WAKONDA, S.D. (KELO) — South Dakota’s burgeoning hemp industry — now in its 4th growing season — offers the promise of a wide variety of applications and products supplied by a truly home-grown source.

When we look at hemp production, the most visible components are the actual cultivation of the plant and the retail applications. You can look at a field of hemp plants waving in the breeze, and you can put your hands on products such as hemp fabrics, CBD gummies or even hemp-based insulation.

Hemp grower, John Peterson of Dakota Hemp in Wakonda, provided an example of one of these applications, describing a variety of hemp he grows that is desirable for textile manufacturers.

“Well this variety here is FIBROR 79,” said Peterson, walking among the crop. “In the last few weeks, it’s started to turn yellow at the bottom. As this plant matures, it’ll start to turn yellow way up to the top, and that’s good for the textile industries as far as dying the fabric.”

Karll Lecher is the COO for Peterson’s hemp operation, and he gave some info on another product from hemp — CBD.

“We grow about two acres each year for CBD; about 1,500 plants,” said Lecher. “It’s just enough that we can send it out for extraction and make products for our product line.”

Lecher listed off some applications for CBD; pain management and inflammation, but noted that they do not advertise it for these uses due to current FDA restrictions.

“Really, our big thing is we just try to get people to try it,” Lecher said of the CBD.

Lecher also explained the process for harvesting CBD.

“The flower itself has a trichome that grows off of it — like a gooey, milky crystal,” explained Lecher. “We monitor those trichomes and wait for them to turn amber.”

Once the trichomes turn to an amber color, they are then at their highest content of cannabinoids.

“At that point, we’ll harvest it, we’ll dry it and we send it off for extraction,” said Lecher.

Once the CBD is extracted, it can be added to products such as relief creams, hand creams, roll-ons and tinctures, said Lecher.

Beyond CBD, Peterson says most of their growing is for the purpose of grain and fiber. “It’s going to be a more widely grown crop for large-acre farmers in South Dakota,” predicted Peterson.

While the product Peterson named above is good for textile purposes, that’s not all it’s used for.

“This variety we’re growing for what we call a fiber stalk,” said Peterson, explaining that they are growing it specifically for its stalk. “This will be turned to animal bedding, hempcrete (a hemp-based building material used for insulation and other applications) — insulation replacement and paper products, just to name a few.”

The market for hemp is indeed wide — Lecher mentioned he’s heard of people working on a way to produce ethanol from hemp stalks — but while production and demand are growing, a bottleneck looms.

Between the process of cultivation and the end products on shelves, the harvested hemp must be processed.

This is where the bottleneck forms.
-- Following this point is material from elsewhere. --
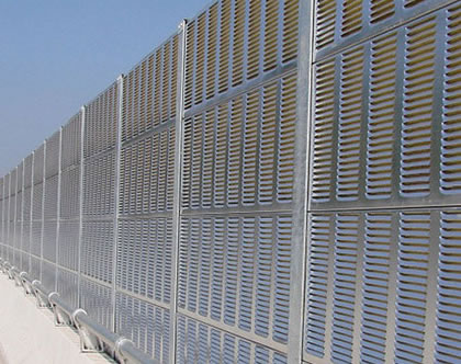開槽孔的吸聲復(fù)合板中、高頻隔聲功能較好,不開槽孔的復(fù)合板聲學(xué)構(gòu)件對中、低頻隔聲功能較好,因而可根據(jù)噪聲特色選用不*樣布局方式的聲屏障。

There is currently only one hemp processing facility in the state of South Dakota, run by South Dakota Industrial Hemp Association President Ken Meyer, who estimates that there are only around 20 across the entire nation.

Prior to Meyer’s facility coming online, Peterson had mentioned that farmers in South Dakota had to transport hemp bales to Montana or Kansas for processing.

“We have to get more processing for hemp available in the state so that the farmers continue to have a current and expanding markets for their hemp crops,” said Meyer on the subject. “There are different hemp products that are being prototyped and coming to market. Each one of those will require hundreds of thousands of acres of hemp to support those products.”

In addition to their cultivation operations, Dakota Hemp is also in the process of building their own processing facility, something they hope will help to alleviate the bottleneck.

While this will help, Peterson makes it clear more will be needed. “Processing capacity will now be the bottleneck for further expansion in the state, and more dollars are needed to go into that effort,” he said, urging people with an interest in the field to contact the Industrial Hemp Association. “More investments are needed to expand our processing capacity in the state to further expand our grower network of farmers.”